Seahawks mum about Australian rugby star
Oct. 15, 2014
RENTON, Wash. (AP) — Seattle Seahawks coach Pete Carroll said Wednesday that any player trying to make the transition from rugby to the NFL is in for a difficult challenge.
"I think it would be really hard. It'd be a tremendous challenge and only a certain few could do it," Carroll said. "And there would need to be a lot of patience from the club that goes for it if you do it."
Carroll was peppered with questions about Australian National Rugby League star Jarryd Hayne after Hayne announced his plans to seek a chance in the NFL. Seattle has been linked to Hayne because of his recent visit to the Pacific Northwest during which he took in the University of Washington and took a tour of the Seahawks facility.
Carroll said he did not meet Hayne during his visit and didn't want to talk about Hayne specifically. Carroll joked about having "scouts" in Australia but spoke only in generalities. Carroll's underlying point was that any player without a football background would face difficulties in trying to make the transition.

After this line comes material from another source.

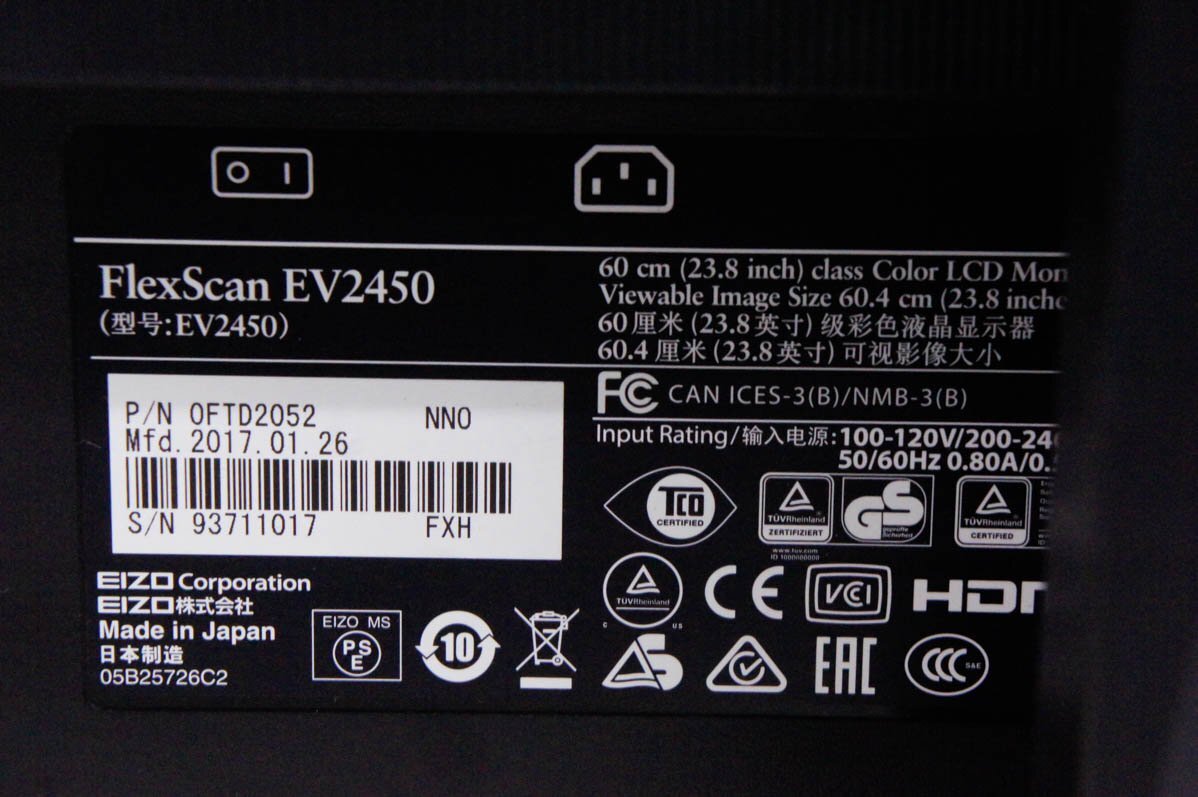 | EIZO エイゾー 23.8インチ液晶モニター FlexScan EV2450 使用時間7535H | |||

"I don't think, unless we're writing a great script here, that a guy could come in the middle of the season and all of a sudden present a starring role for a team. I don't think that's going to happen," Carroll said. "I think it's going to take more time than that. But we've seen guys over the years make transitions from other sports. Basketball players doing it. It can happen certainly."
During a news conference in Sydney earlier Wednesday, Hayne did not identify which NFL clubs — if any — were interested in offering him a tryout.

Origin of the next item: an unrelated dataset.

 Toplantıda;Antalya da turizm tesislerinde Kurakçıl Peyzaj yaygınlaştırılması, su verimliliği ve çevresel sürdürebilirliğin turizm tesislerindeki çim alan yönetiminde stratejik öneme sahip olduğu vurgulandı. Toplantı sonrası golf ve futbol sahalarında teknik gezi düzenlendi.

Only two weeks after being voted as the best player in the National Rugby League for the second time and a day after being selected again for Australia's national team, Hayne revealed his career move first in a statement posted on the Parramatta club's website prior to the news conference.
Hayne said if he was unsuccessful in his bid to break into the NFL and returned to the rugby league, he'd rejoin Parramatta. Renowned for his acceleration and counter-attacking prowess in rugby, Hayne said he believes he has the skills to make it as either a punt returner or kick returner.
Carroll said rugby players would be naturals to try to cross over because the two sports require similar skills.
"You're looking for great athletes to make the transition because the guys on our level are fantastic athletes. ... But there is just a lot of general carry over because it's running, and making people miss, and hitting, and tackling, and being tough and physical and all that stuff," Carroll said.